Josey Krahn operates Winnipeg-based Tiny Bar, which hosts bar services, private events and cocktail education. He has also collaborated with entrepreneurs in the city.
"If you take a minute to think about what a drink could possibly be and then offer it to somebody, not as a ho-hum throwaway alternative to alcohol... then that person gets that same experience that everyone is looking for at a bar or restaurant, which is escape, celebration, something special, something that is not easily duplicated at home," Krahn says.
Krahn and chef Ben Kramer are joining forces again for their second multi-course dinner paired with non-alcoholic cocktails. The first edition was in May at the Times Change(d) High and Lonesome Club. Krahn says the next event will be hosted on a rooftop, but the exact location will remain unknown to ticket holders until closer to the dinner, scheduled for next month.

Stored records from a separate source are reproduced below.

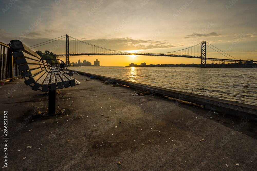 Sunrise at Ambassador bridge that connect between Detroit, US with Canada on Detroit river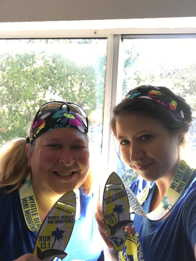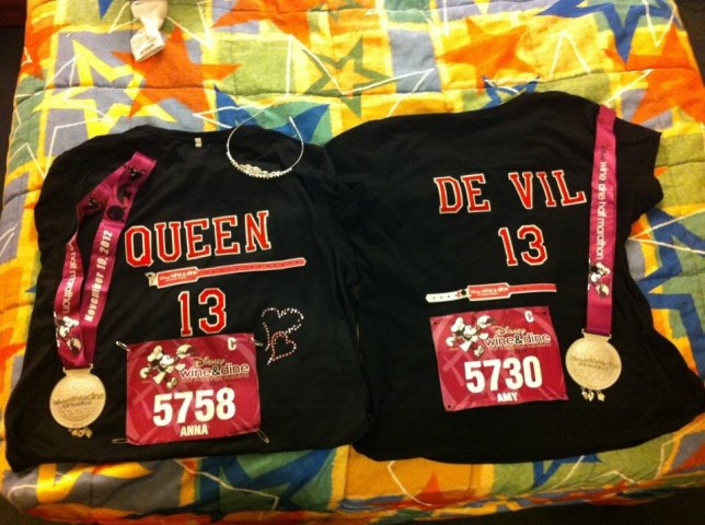 From there, we followed the same path we took to the parks toward Downtown Disney, past Sequoia Lodge and The New York Hotel, before going up, up, up, and over the bridge to the Newport Bay resort. I had reconnected with Patrice by this point, and she was staying here at Newport. Her roommate (who had already finished the half) was on her way back to the resort and ran the bridge with us – if she was still running, so should we, right? 😉 The finish was so close, and we stopped for photos at the 21k banner that was still being painted! We crossed the finish line together, received our medals and took photos of and with each other to send home, and parted ways – Patrice was so encouraging and great to run with!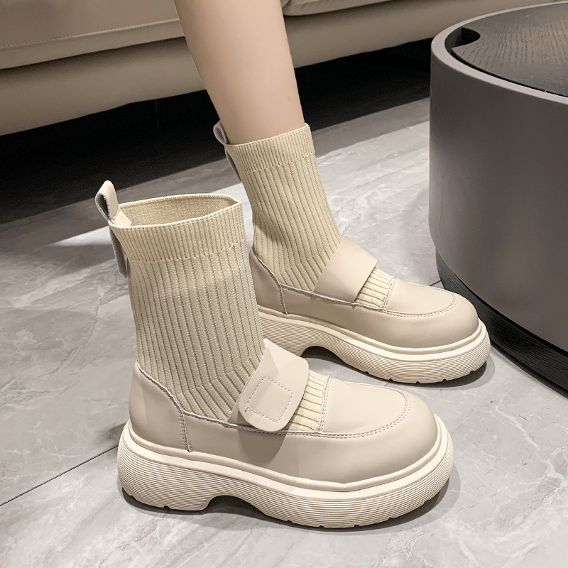 マーティンブーツの女性2024の新しい靴下ブーツのフランス風の小さなショートブーツの韓国版の厚い底のファッションは、ベルベットの保温靴の子供を合わせています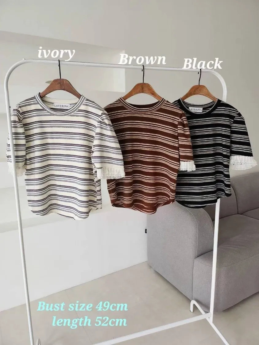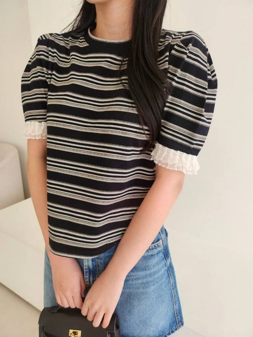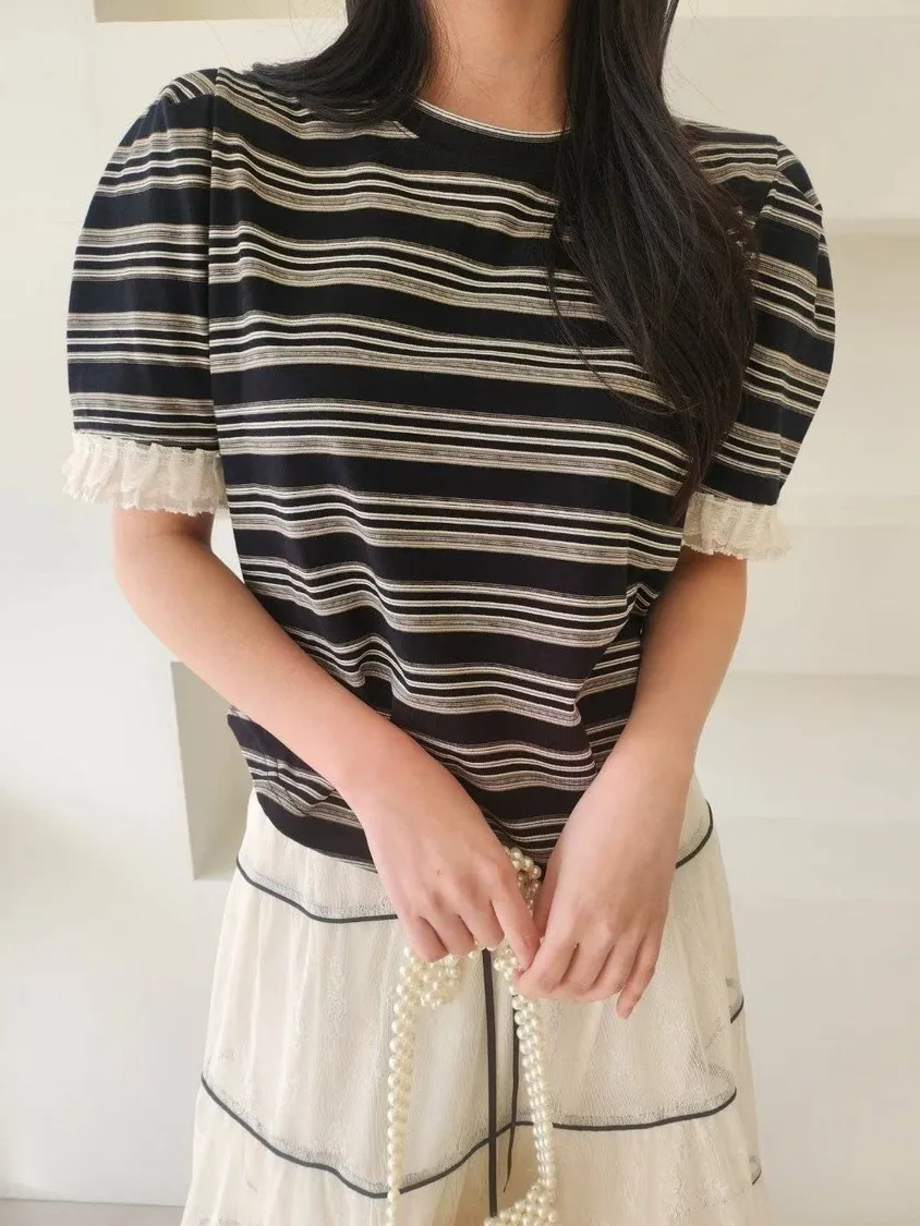 NaBe Korean-秋裝蕾絲袖口公主袖氣質上衣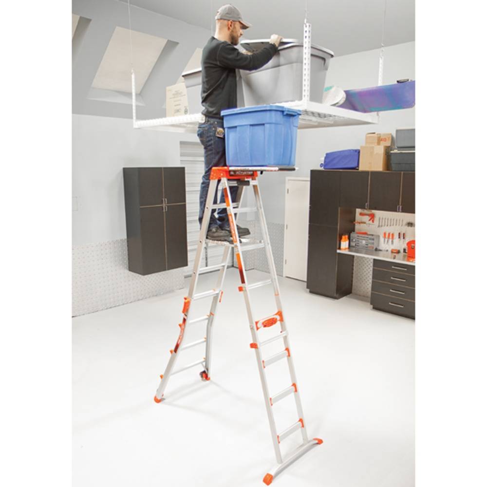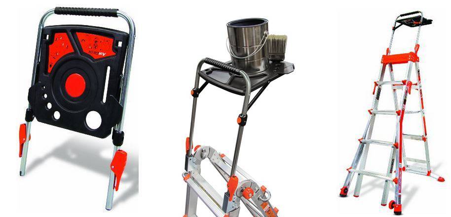 - Стремянка-трансформер. Имеет сложную шарнирную конструкцию, что позволяет использовать приспособление и как обычную приставную лестницу, и как стремянку, и как подмости.

"We kind of overlooked the fact that that (a bar) might be a prohibitive environment for people who maybe aren’t drinking because of recovery or addiction issues and being triggered by sitting at a bar was not kind of within their wheelhouse," he says.
More recently, Krahn hosted a pop-up event at The Forks crafting lavender-and-rose fizzes and sage-and-lemon Collins. The booze-free drinks priced out at about $7.50 after tax and Krahn said people didn’t seem too concerned about the cost.
"I think that people should pay for quality. Whether that quality has alcohol in it or doesn’t have alcohol in it, if it’s quality, it has value. And often the people that are trying to put this quality product in front of you put in a lot of effort," he says.
Krahn says it’s challenging to create flavours without relying on familiar favourites.
"When you are making cocktails that have gin or whiskey in it, you kind of rely on that one-and-a- half or two ounces of gin or whatever to create the base flavour of the drink. Not so with zero-(alcohol by volume) cocktails," he explains.
"You definitely need to put in the effort and say, ‘OK, how is this going to work? How am I going to get a drink that is worthy of calling itself a drink without just adding a bunch of different sugars?’"
It appears to be last call for Shirley Temples and run-of-the-mill sodas.